In my professional capacity as a strength coach, and as a golfer myself, I’ve never meet a golfer who doesn’t want to hit it further!

Hitting it further ultimately means generating more clubhead speed. With this in mind, we as golfers, hit the gym and train for speed with great exercises like rotational med-ball throws and lateral jumps, makes sense right?

Indeed, research has shown consistently that when vertical jump and med-ball chest throw increase clubhead speed increases too. Additionally, and just as importantly, not much looks cooler or feels better than crushing step-behind shot-put throws against a poor unsuspecting wall.

The issue? Many golfers rush into these exercises without earning the right to progress.

These exercises have really high force output and neural demands, not to mention if they aren't done with picture perfect form, they create inefficient/ faulty neuromuscular firing and movement patterns, that potentially limit your progress and even lead to injury.

As I alluded to above you need to earn the right to do these exercises, by developing certain physical abilities, to ensure safe and effective progression. Here’s a quick checklist of what you are going to need:

  • Lumbo-pelvic control

  • Ability to stabilise the core whilst the limbs move

  • Good rotational mechanics

  • Hip stability

  • Sufficient eccentric strength

So how do you going about developing these qualities?

As luck would have it, after a bit of thought and experimentation I’ve got it down to just three exercises that pretty much cover the lot.

Take some time to get good at these exercises and earn the right to progress to speed and power work

Bird-dog variations

Bird-dogs teach you to control a stable core and lumbo-pelvic position as you extend from the hips and flex at the shoulder. Creating power through hip extension or shoulder flexion (in overhead med-ball throws for example) is key to developing speed and power in a safe and efficient manner.

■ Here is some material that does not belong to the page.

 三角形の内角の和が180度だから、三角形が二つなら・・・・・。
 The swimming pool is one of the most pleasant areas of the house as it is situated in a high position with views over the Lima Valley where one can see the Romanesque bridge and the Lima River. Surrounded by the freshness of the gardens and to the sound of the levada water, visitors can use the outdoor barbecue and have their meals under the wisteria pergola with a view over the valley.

Typically we start with a quadruped hip extension drill from the elbows with the knee bent, then move to a band resisted variation from the hands and with a straight leg. After that is mastered we progressed to a quadruped hip extension drill with feedback (shown below - make sure ball stays on the cone!) and finally a full bird-dog with feedback.

Quadruped t-spine rotation

This is a great exercise to teach proper rotational mechanics, the quadruped position makes it easy to cue and practice rotating from the thoracic spine, whilst keeping the hips and lumbar spine stable (keep that core on!), due to the lack of load and increased stability of the position. Watch that the arch in the lumbar spine doesn't increase too dramatically as you rotate and that the hips remain in place, rather than shifting laterally to find stability.

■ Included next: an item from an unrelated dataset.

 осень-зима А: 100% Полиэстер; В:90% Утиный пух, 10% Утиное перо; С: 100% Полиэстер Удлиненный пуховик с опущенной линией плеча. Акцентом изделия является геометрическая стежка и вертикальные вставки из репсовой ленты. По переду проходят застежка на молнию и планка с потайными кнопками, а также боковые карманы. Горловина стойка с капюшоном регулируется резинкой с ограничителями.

Goblet split-squat with extended eccentric

The split stance narrows the base of support and gives us good hip stability demands. During the squat we must stabilise the knee in a frontal plane whilst moving through a large sagittal plane range of motion. Split-squats also provide a pretty decent eccentric load as the working leg must control the weight as you descend. This eccentric strength is vital to good landing mechanics, force absorption, deceleration ability, and ultimately staying injury free when you move onto jump work. Indeed, if when doing plyometrics, your landings are heavy (good landings should be quiet!) your knees cave in or you even get knee pain, insufficient eccentric strength is the probable cause.

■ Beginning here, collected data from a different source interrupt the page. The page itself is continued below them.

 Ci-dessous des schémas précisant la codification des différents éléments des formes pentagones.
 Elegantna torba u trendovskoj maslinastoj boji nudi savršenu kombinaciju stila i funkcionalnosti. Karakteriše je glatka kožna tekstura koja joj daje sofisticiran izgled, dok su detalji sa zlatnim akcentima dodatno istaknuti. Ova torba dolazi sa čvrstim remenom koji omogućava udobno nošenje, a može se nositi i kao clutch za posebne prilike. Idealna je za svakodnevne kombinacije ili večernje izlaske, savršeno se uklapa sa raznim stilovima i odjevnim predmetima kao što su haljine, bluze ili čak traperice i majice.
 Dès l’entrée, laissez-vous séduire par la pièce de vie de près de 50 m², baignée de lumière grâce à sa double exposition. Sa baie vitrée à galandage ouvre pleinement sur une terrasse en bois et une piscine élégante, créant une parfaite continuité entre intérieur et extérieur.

I really like varying these up with lateral squats and sideboard lunges prior to introducing speed work too. This ensures we develop these qualities in multiple planes and the slideboard does a great job of further increasing that eccentric load.

Take home message: Stop rushing into speed and power exercises.

Take some time at a lower threshold of training first and earn the right to progress by owning these exercises. You’ll get much more out of the speed and power work when you do progress to it and you'll ensure your training is keeping you injury resilient too.